Still, the relationship between Wall Street and for-profit companies that deliver health care is a fragile one. In the 1990s, physician practice management firms were briefly Wall Street darlings, only to later implode. Even the leveraged-buyout strategy has no guarantee of success. While it worked the first time for HCA, RJR Nabisco's 1989 $31-billion buyout, the previous record buyout, largely has been viewed as a financial failure.

"The real question is that with hospital margins always relatively thin, if the margins get thinner, will Wall Street become dis-enamored of the hospital industry? That could happen. It could happen at any time. Margins are thin, it is an industry that is more highly regulated than almost any other, and it is more vulnerable to the vagaries of politics," said James Unland, president of the Health Capital Group, a health care consulting firm in Chicago that does valuation and risk analysis.

Also, the Securities and Exchange Commission is continuing to investigate alleged insider trading by some company executives and major shareholders, including Senate Majority Leader William Frist, MD (R., Tenn.), the brother of HCA's co-founder.

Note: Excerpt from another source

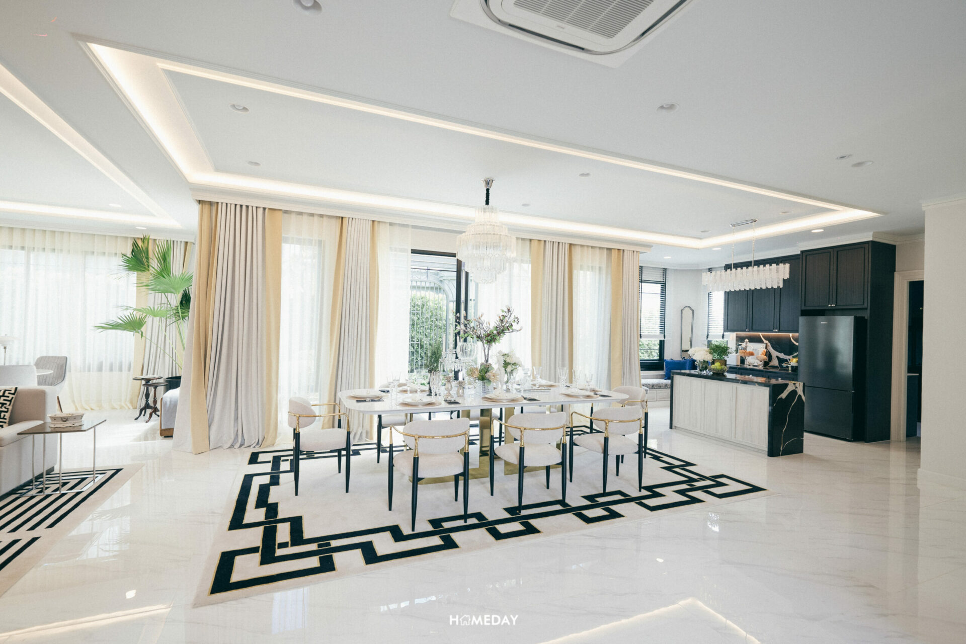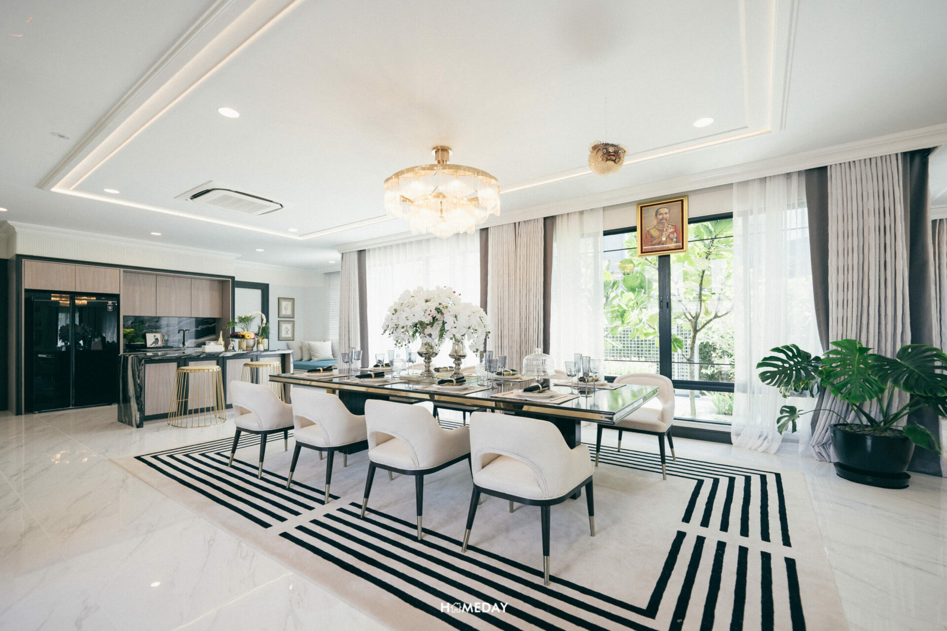 ถัดเข้ามาจากโถงต้อนรับ จะเจอกับพื้นที่ Open Space หน้ากว้างขนาดใหญ่อีกเช่นเคย แบบบ้านนี้ทางโครงการวางชุดโต๊ะรับประทานอาหารให้ดูเป็นแบบ 8 ที่นั่ง รับวิวสวนหลังบ้านจากมุมนี้ได้เลยครับ ซ้ายมือจะเป็นพื้นที่ Living Room ส่วนทางขวาตกแต่งให้ดูเป็น Pantry ครับ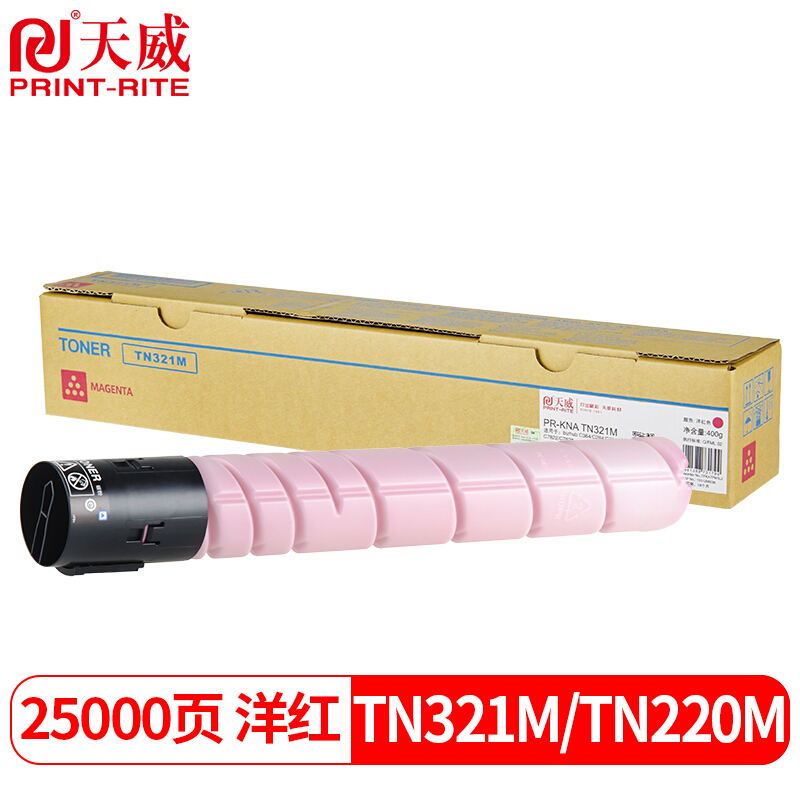 - 天威 TN-321M红色粉盒适用柯尼卡美能达C364 C284 C224 C7822 C7828柯美TN220墨盒C221S C281 C7122 C227碳粉

They sold shares about a month before the stock dropped 9% in one day. That was the day the company warned that earnings might weaken because of trouble collecting from uninsured patients. All accused have denied insider trading charges -- Dr. William Frist, for one, says he sold his shares to avoid any appearance of conflict of interest -- and are cooperating with the investigation.

The list of problems facing the hospital industry is long. Paul Ginsburg, PhD, president of the Center for Studying Health System Change, said it includes a growing population of uninsured patients, the looming threat of lower reimbursements from government payers and increasing competition from physicians for facilities and service lines.

The flip side is that health care has a lot of future potential. It is one of the fastest-growing sectors in the economy, fueled largely by the aging baby boomers who may need more health care services as they enter their golden years.

"There is a fundamental belief, and it's driven by demographics, that health care will continue to grow," Moerschel said. "It's not cyclical, and some might say it's anti-cyclical. Some might argue that's attractive -- combined with the consolidation -- for investors."

Skolnick questions whether the aging population will in fact increase demand for health care services because technological and medical advances could streamline care. And Unland said that even if demand for care increases, hospitals could lose out to physician competitors on their bids to provide that care.

The future at HCA -- at least the immediate future -- may be more certain. Most observers agree that there likely won't be any big changes at the hospital chain any time soon, even if the deal is completed. "This is a company that is well-run and has a reputation of having good management. So it is more of a financial thing than an operating thing," Dr. Ginsburg said.

"I think the only reason a physician might sweat is that since the company is going to be more leveraged, is there more risk of instability? Say we have a recession next year. The company could find itself in financial trouble if things don't go well," he said.